EspañolFormer Dictator Gregorio “Goyo” Álvarez, who ruled illegitimately between 1981 and 1984 during the military dictatorship in Uruguay died due to a heart failure in the early hours of Wednesday, December 28.
The former president died at the age of 91, after spending 10 years in prison for human rights violations.
Gregorio Alvarez, better known as “Goyo,” was one of the main creators of the coup d’état in 1973 and which landed him in office until 1985. He was the last de facto president of the administration that staged that coup.
Álvarez, born November 26, 1925 to a military family, began his military career in 1940, graduating as an officer of the Cavalry Regiment in 1946 and entering it in 1959.
The dictador was also Head of Operations of the Cavalry in the Military Instruction School and of the Republican Guard of Montevideo.
On February 23, 1973, months before the coup d’etat, Álvarez was appointed permanent secretary of the National Security Council, newly created after an agreement made by Boiso Lanza, who advised then-president Juan María Bordaberry (1928-2011).

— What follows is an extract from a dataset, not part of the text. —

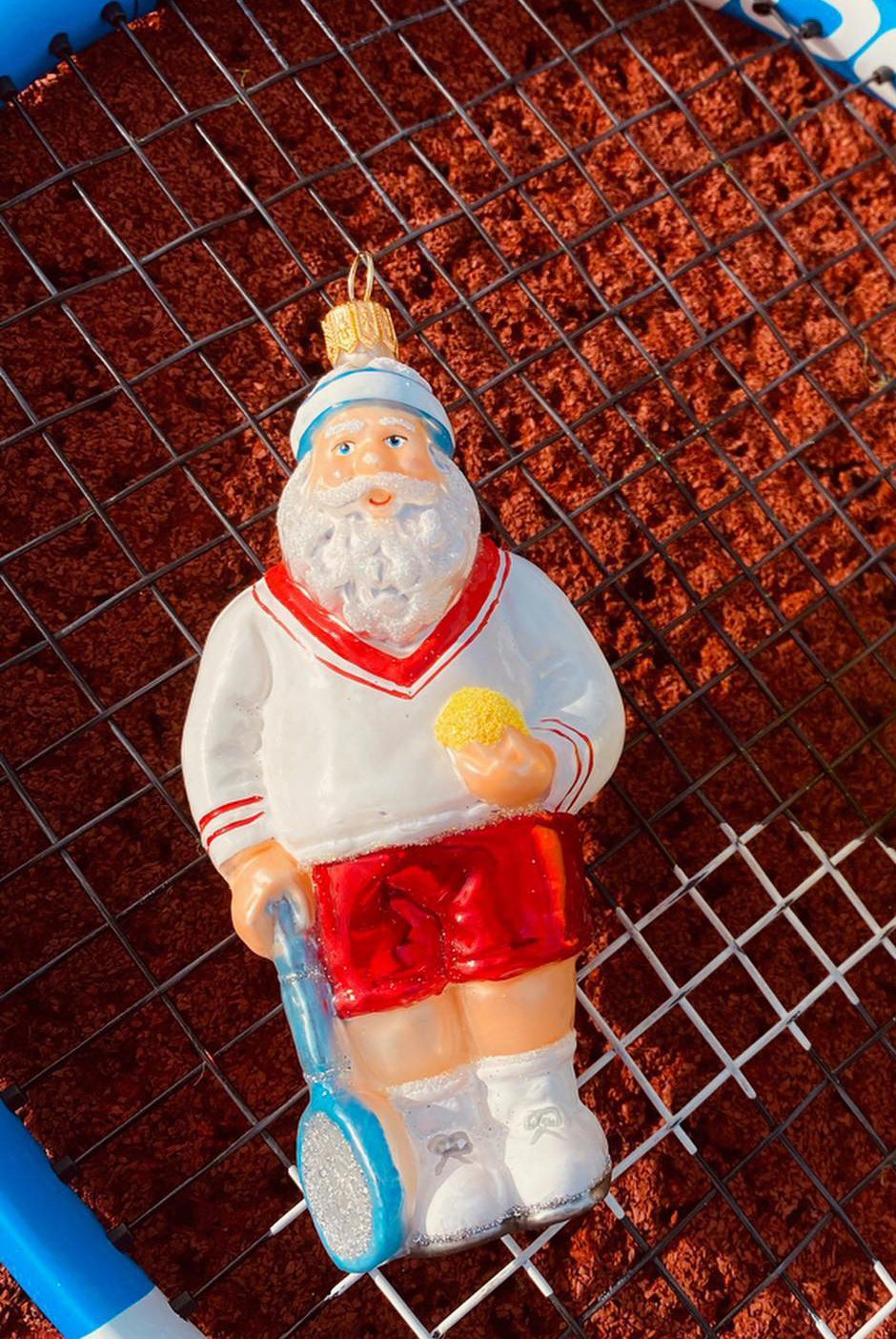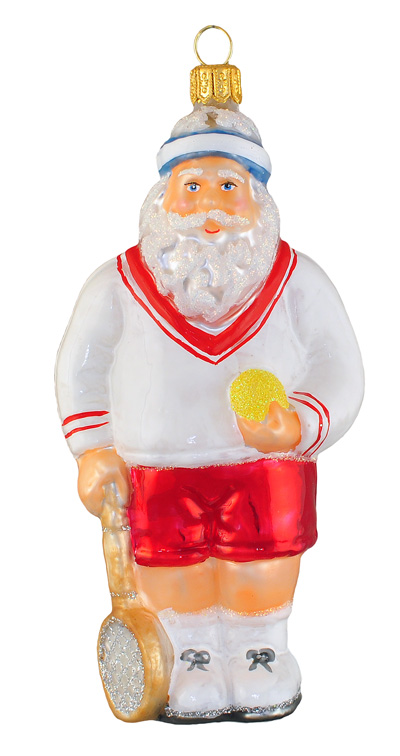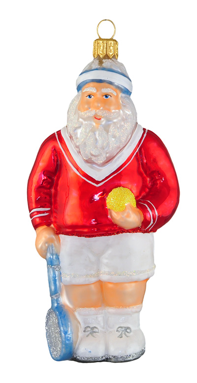 Mikołaj tenisista # F 707 Szklana Ozdoba Choinkowa. Wydmuchiwana i dekorowana ręcznie. Wysokość 13,5 cm.

After the coup on June 27 , he was one of the soldiers who entered the Legislative Palace, along with General Esteban Cristi, Colonels Alberto Ballestrino and Hugo Arregui, and Lieutenant Colonel Julio Barrabino.
He and his term are remembered for repression.
The dictador was prosecuted for several crimes of forced disappearance linked to the secret transfers of detainees from Argentina in 1978, who were killed. Later, other crimes were added, such as the killing of 37 people when he was in charge of the Army.
Álvarez was serving a prison in a special jail but had to be transferred to a Military Hospital.
Álvarez died today at three in the morning, after two weeks in the hospital.